Business Desk
This article is from the archive of The New York Sun before the launch of its new website in 2022. The Sun has neither altered nor updated such articles but will seek to correct any errors, mis-categorizations or other problems introduced during transfer.

REAL ESTATE
NEARLY A QUARTER OF HOMEBUYERS CHOOSE INTEREST-ONLY LOANS
Home buyers chose “interest-only” loans, which initially require payment of only financing costs, for almost a quarter of all mortgages in the first half of 2005.
The share of interest-only loans grew to 23% of all home mortgages from 17% a year earlier, according to a report issued today by the Mortgage Bankers Association. More than nine of 10 interest-only loans carried adjustable rates, meaning borrowers probably will see their monthly bills rise after the end of an initial fixed period of one to 10 years, the Washington-based trade group said.
American home prices gained 13% in the second quarter of 2005, the biggest jump in 26 years. Home buyers are turning to interest-only loans to lower their monthly mortgage bills, allowing them to pay more for properties. When the loan adjusts to a higher payment, it increases their risk for default, the chief economist of the bankers’ group, Doug Duncan, said.
– Bloomberg News
ECONOMY
CONSUMER CONFIDENCE FALLS TO A TWO-YEAR LOW
Consumer confidence unexpectedly fell to a two-year low in October as higher energy prices left Americans with less to spend, raising concern about the holiday shopping season.
The Conference Board’s consumer confidence index fell to 85 from 87.5 in September, the New York-based research group said yesterday. Another report showed sales of previously owned homes in America held in September at the second highest level ever. High gasoline prices and home heating bills that may rise by about $400 this winter threaten to hurt retail sales and delay a recovery in confidence, economists said. The supply of homes for sale was the highest since monthly record keeping began in 1999, suggesting the housing market that has helped support consumer spending may be about to lose some steam.

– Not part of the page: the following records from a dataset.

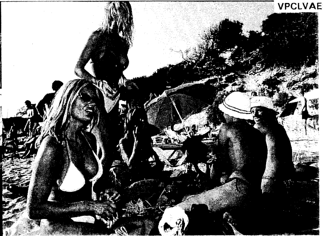
En Ibiza todo es contraste. La animación de la noche y la calma de la mañana, en las calas. La escasa ropa de las playas y los barrocos trajes regionales.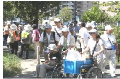
災害時要支援者の方のサポート 体験(昨年の様子)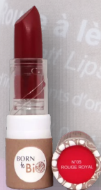
№5 ROUGE ROYAL КОРОЛЕВСКИЙ КРАСНЫЙ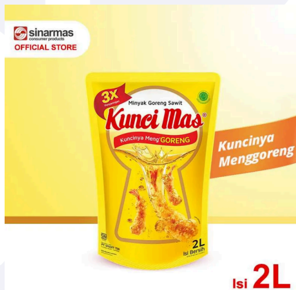
Gambar 2.4 Palmboom Margarine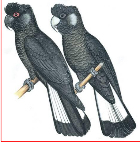
Maschio (sinistra), Femmina (destra)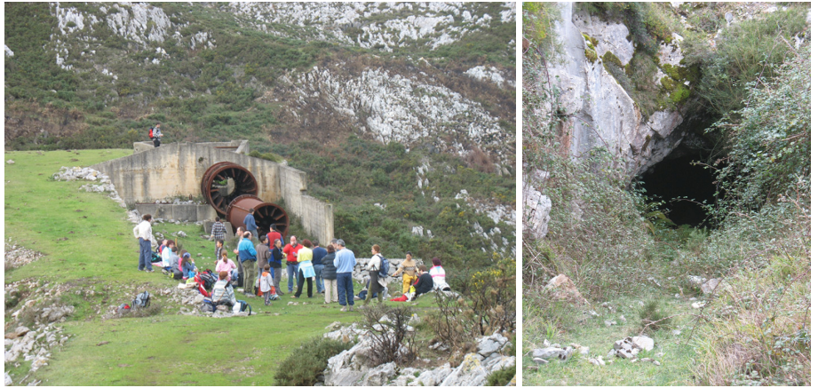
Mina de El Pilar, restos y entrada a la mina

Continuando por la ancha pista y tras pasar un collado (541 m) se sigue subiendo para llegar a las abandonadas instalaciones de las antiguas Minas El Pilar (572 m). Estas minas de hierro y manganeso, cerradas hacia finales de los sesenta, tuvieron bastante actividad, llegando a trabajar, en la época de mayor producción, unos 70 mineros. Todavía pueden observarse los restos de la antigua mina, quedando la caseta del transformador, el depósito del agua y una especie de molinos de tolva, además de los pozos de extracción del mineral que se encuentran sellados. A la derecha de la pista, en la hondonada de la mina, hay un abrevadero y una gran charca.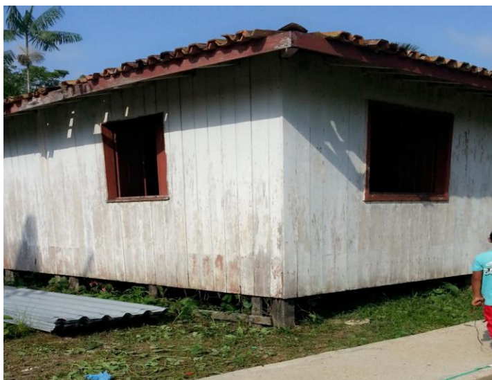
Figura 3 - Fachada do prédio anexo da escola onde se realizou a pesquisa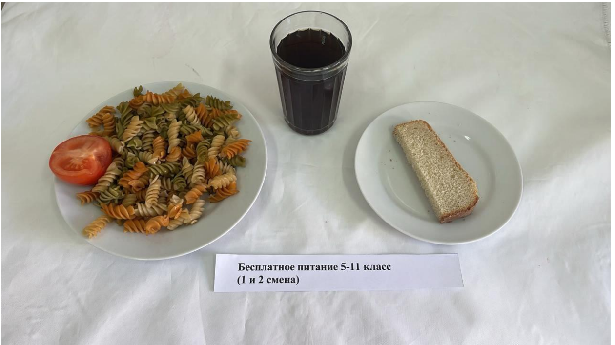
Бесплатное питание 5-11 класс (1 и 2 смена)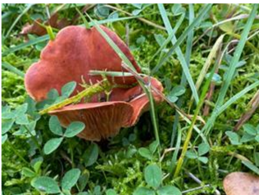
Tekst en foto's Brigitte Bloem, Fluitenkruid januari 2024

Hij ruikt vrij sterk en ietwat rubberachtig, het witte melksap is witgeel opdrogend op een papieren zakdoek en de smaak is iets bitter (naast uiterlijke kenmerken zijn geur, smaak en kleur melksap onderscheidende kenmerken van melkzwammen). Er zijn 90 atlasblokken geregistreerd sinds 1990 en de soort staat als kwetsbaar op de Rode lijst van 2008.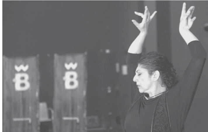
La bailaora Manuela Carrasco ensaya su nuevo espectáculo de cara a la Bienal de Flamenco.

La XVIII Edición de la Bienal de Arte Flamenco de Sevilla de este año, que estará dedicada a la figura de Paco de Lucía y que se celebrará del 12 de septiembre al 5 de octubre, tendrá como actividad complementaria para profundizar en la figura del autor el I Simposio Internacional en su honor, con el título Paco de Lucía, Fuente y Caudal , en honor a uno de sus discos, además de una exposición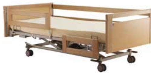
Seitengitter einzeln verstellbar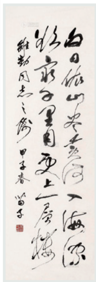
▲ 苗子行草《登鶴雀樓》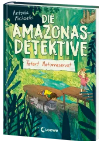
Die Amazonas-Detektive (Band 2) - Tatort Naturreservat Hardcover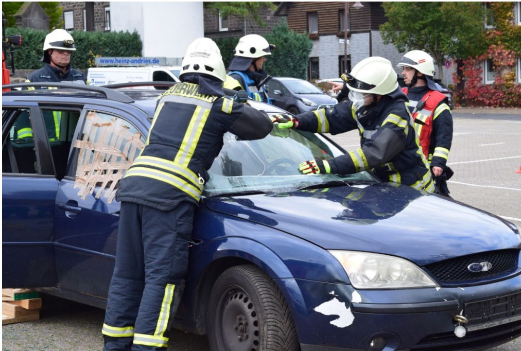
Bild 1, Glasmanagement bei der Personenrettung.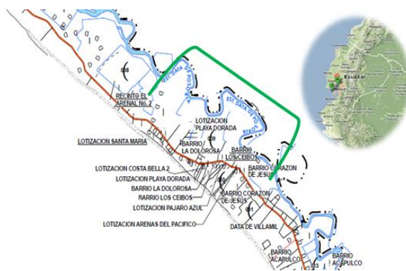
Figura 1: Ubicación de La Playa El Arenal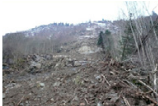
Fv 550 Eikhamrane nord, vestsida av Sørfjorden, 26 desember 2011

Leirskred (kvikkleire) går under marin grense. Det vil seie grensa som avspeglar øvre havnivå i istidas slutfase. Marin grense er på det meste rundt 130 moh i indre strøk av fylket, mens den ved kysten er nokre titals meter. Leirskred er sjeldne i fylket, men det er fleire lokalt ustabile område der det har vore slike skred.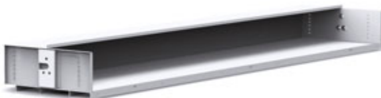
Otevřená patra pro různé způsoby uložení zboží.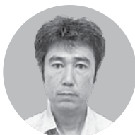
㈱中山工務店 代表取締役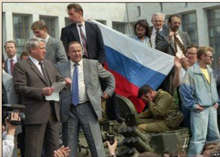
Борис Ельцин (слева) и Александр Коржаков на фоне исторического флага России. Белый дом, Москва, август 1991 года

22 августа 1991 года Чрезвычайная сессия Верховного Совета РСФСР постановила считать официальным символом России триколор, а указом Президента РФ от 11 декабря 1993 года было утверждено Положение о государственном флаге Российской Федерации. В августе 1994 года президент России Борис Ельцин подписал указ, в котором говорится: «В связи с восстановлением 22 августа 1991 года исторического российского трехцветного государственного флага, овеянного славой многих поколений россиян, и в целях воспитания у нынешнего и будущих поколений граждан России уважительного отношения к государственным символам, постановляю: Установить праздник - День Государственного флага Российской Федерации и отмечать его 22 августа».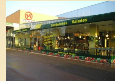
Partenariat avec une salle de cinéma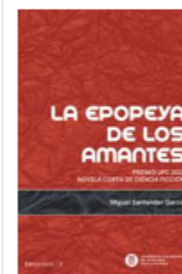
La epopeya de los amantes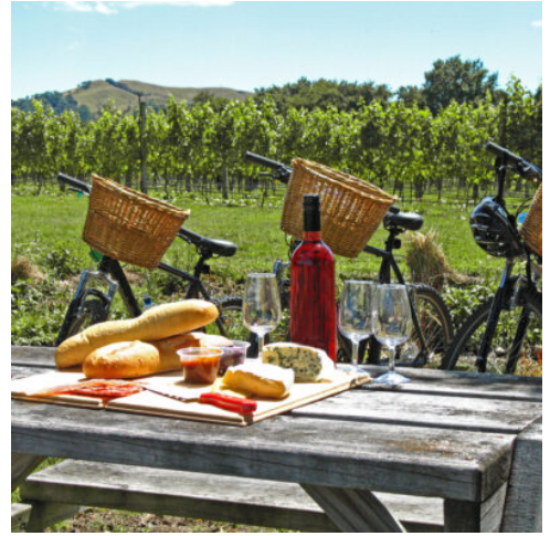
Fahrradtour auf dem Twin Coast Cycle Trail

Am Vormittag kreuzen Sie an Bord eines Ausflugsschiffs durch das bezaubernde Insellabyrinth der Bay of Islands. Hier nahm im 19. Jahrhundert die koloniale Erschließung des Landes ihren Anfang: ein abenteuerliches Stück Historie, das vielerorts Spuren hinterlassen hat. Am Cape Brett zieht ein felsiges Eiland mit dem berühmten "Hole in the Rock" alle Blicke auf sich. Halten Sie dennoch Ausschau nach Delfinen. Selbst Schwertwale (Orcas) tauchen hier manchmal auf. Dann legt das Boot an der Urupukapuka Insel an: spazieren Sie an der weissandigen Otehei Bay oder auf einen naheliegenden Hügel mit einem fantastischen Rundblick auf die Bay of Islands. Anschließend Fahrt von der Bay of Islands über Whangarei zurück nach Auckland. (F)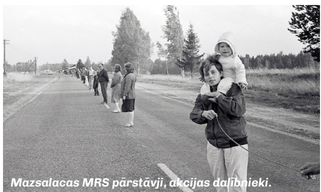
Mazsalacas MRS pārstāvji, akcijas dalībnieki.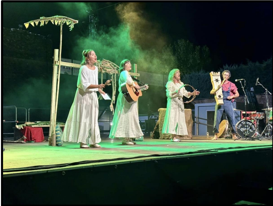
Obra “La Quebranta” (julio 2023).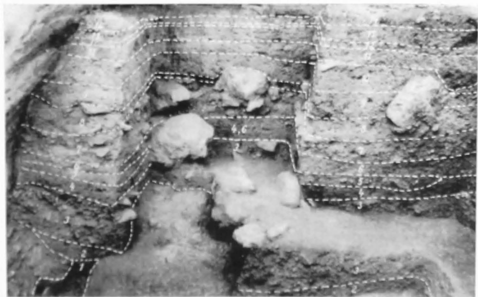
Fig. 2. Ciuina Turcului - Profil stratigrafic (vezi nota 2).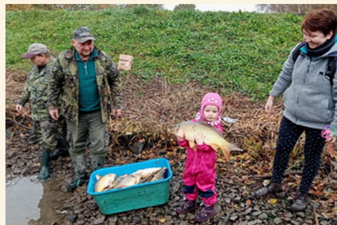
Kacabaja hlásí doplnění ryb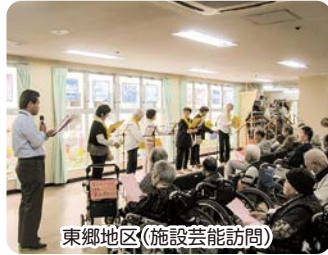
東郷地区(施設芸能訪問)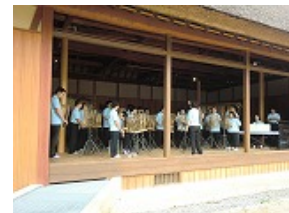
藍那里山公園にて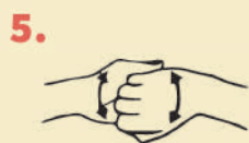
KUNANQA ÑAWPI RUKANAKUNA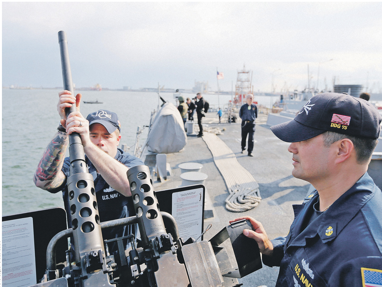
По мнению американского аналитического портала, вероятнее всего, США атакуют объекты, связанные с сирийской химической программой, — в частности, авиабазы Думаир, Мардж Рухаил и Меззе. Ракеты могут быть запущены с эсминца Donald Cook (на фото)

Российские официальные лица предложения Трампа встретили скептически. Кремль «не участву-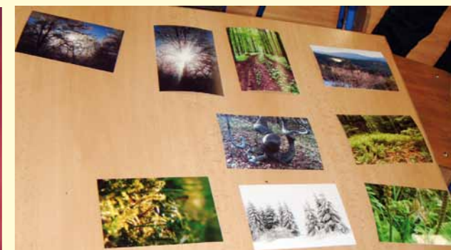
Najlepsze zdjęcia z konkursu „Las”.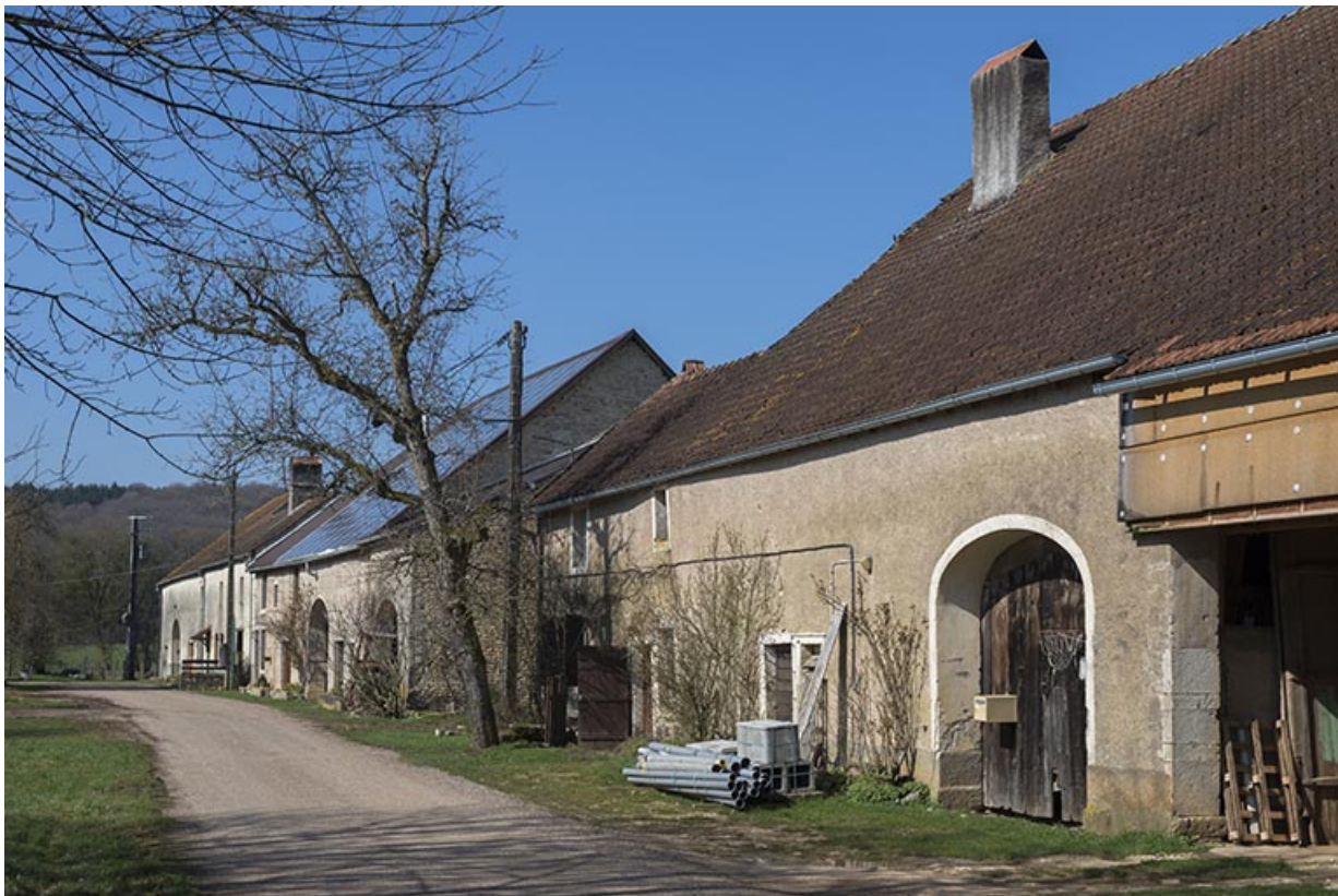
Ferme situés au hameau des Arpents.

“The consumer has finally been shaken,” an economist at Bank of Tokyo-Mitsubishi in New York, Ellen Beeson, said. “If folks are unsure what the future is looking like over the next few months, they tend to hunker down and sit on cash, and that’s not a good start to the holiday shopping season.”
The National Association of Realtors said yesterday that existing homes sold at a 7.28 million annual rate in September, unchanged from August and second only to a 7.35 million pace in June. The median price rose 13.4% from the year-earlier month to $212,000.The supply of unsold homes rose to 2.85 million.
“Housing may be topping at the same time as consumer confidence is hurting from energy prices,” the U.S. research director at4Cast.comin New York, Alan Ruskin, said.
– Bloomberg News
FOOD
MCDONALD’S TO OFFER NUTRITION INFORMATION ON PACKAGING
McDonald’s will place nutrition information on most of its packaging to attract health-conscious consumers. The company will use icons and bar charts on boxes, wrappers, and other packaging to make it easier for consumers to see the fat and caloric content of burgers, fries, and salads, the director of global nutrition at McDonald’s, Cathy Kapica, said. The information, which is already listed on tray liners and in brochures in the chain’s restaurants, will not be on beverage cups.
“It is about our customers and their expectation to get nutritional information in their hands,” the company’s chief executive, Jim Skinner, told a press conference in Chicago yesterday.
Mr. Skinner, who took charge 11 months ago, started selling fruit-and-walnut salads and $3.89 premium-chicken sandwiches to attract mothers and other consumers who shun McDonald’s burgers and fries. Nutritional concerns have damped sales in Britain, where the chain last month opened restaurants to public tours and boosted advertising to try to improve its image among diners.